In the paper by Lewandowska-Tomaszczyk at al. (2023), the concept of offensive language as a superordinate category was proposed with a number of hierarchically arranged 17 subcategories, taxonomically structured into 4 levels and verified with the use of neural-based (lexical) embeddings, which automatically encode generic semantic relatedness as well as hypernym, synonymy, and other types of relationships. The graphs included in the paper visualize the relationship between the embeddings of the concepts.

Together with a taxonomy of implicit offensive language and its subcategorization levels which received little scholarly attention before, the categories were divided into offensive category levels (types of offence, targets, etc.) and aspects (offensive language property clusters) as well as the main categories of explicitness and implicitness.

2.3 A short survey of results of the First Annotation Campaign (Lewandowska-Tomaszczyk et al. accepted for Rasprave)

The integrated explicit-implicit offensive language category schema was verified on a large English data, consisting of 25 publicly available English datasets of offensive language with the INCEpTION tool (https://github.com/inception-project/inception) – a semantic annotation platform offering assistance in the annotation. The annotation categories were defined according to the annotation guidelines. The annotation setup was the same in both campaigns - annotators needed to select one or more consecutive sentences (could also be the whole passage) that were identified as offensive. For the selected sentences then the annotator needed to select appropriate annotation categories.

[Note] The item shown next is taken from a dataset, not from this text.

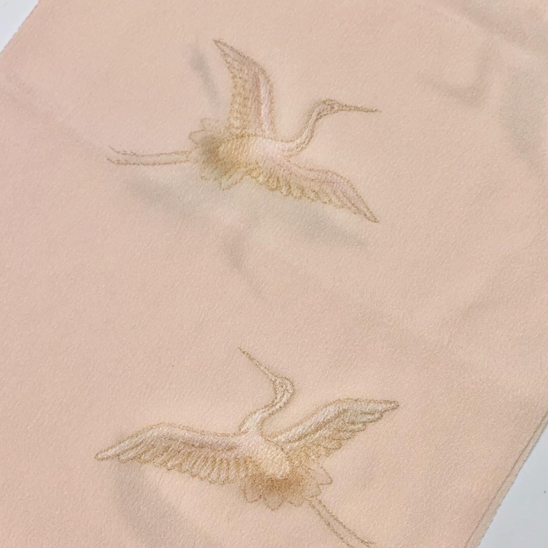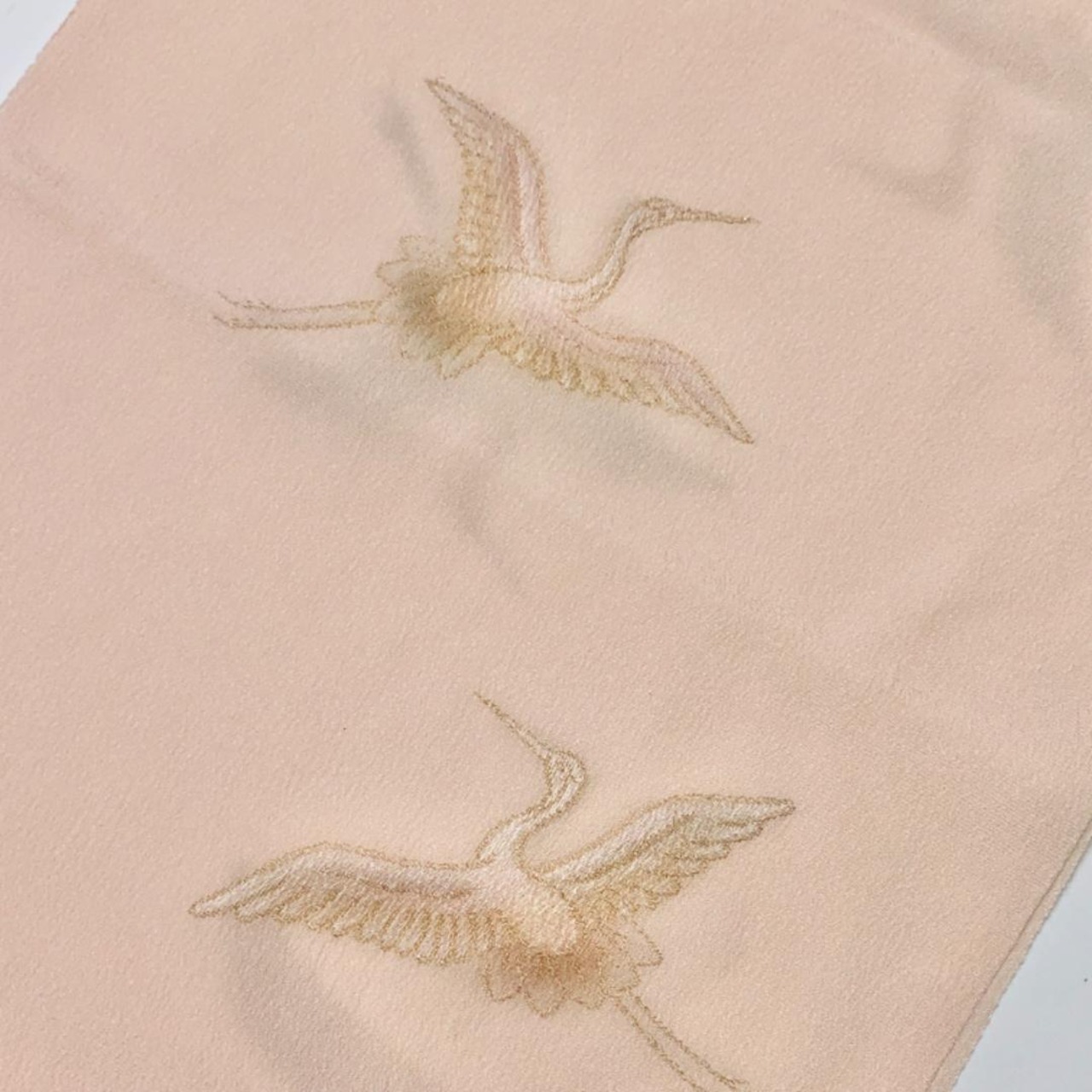 乙女色のお色味に鶴がデザインされた素敵なお品でございます。

The list of the English datasets used in this First Annotation Campaign is available as an Appendix in Lewandowska-Tomaszczyk et al. (2023). The results (Lewandowska-Tomaszczyk et al. accepted) partly support the proposed ontology of explicit offence and positive implicitness types to provide more variance among widely recognized types of figurative language (e.g., metaphorical, metonymic, ironic, etc.). However, further results and a series of the annotators’ comments in a questionnaire showed that for some of the categories there was low or medium inter-annotator agreement. It was also more challenging for annotators to distinguish between category items than between aspect items such as offensive, insulting and abusive, being the most difficult in this respect. The need for taxonomic simplification measures in this respect was thus recognized for further annotation practice and offensive language identification.

3 A Simplified Taxonomy of Offensive Language (SOL)

3.1 Introduction

The need to simplify the taxonomy for the purposes of computation effective offensive language annotation and recognition was acknowledged and a proposal of a Simplified Offensive Language taxonomy (SOL) was soon put forward (Lewandowska-Tomaszczyk 2022). The linguistic and computational limitations of any attempt to provide water-tight categorization schemas in any language was discussed in the paper and what was proposed there was a carefully supervised simplification of the Extended Model both as far as the number and types of the key categories are concerned. To verify the taxonomy we resorted to the word embedding correlations discussed in 3.2. below.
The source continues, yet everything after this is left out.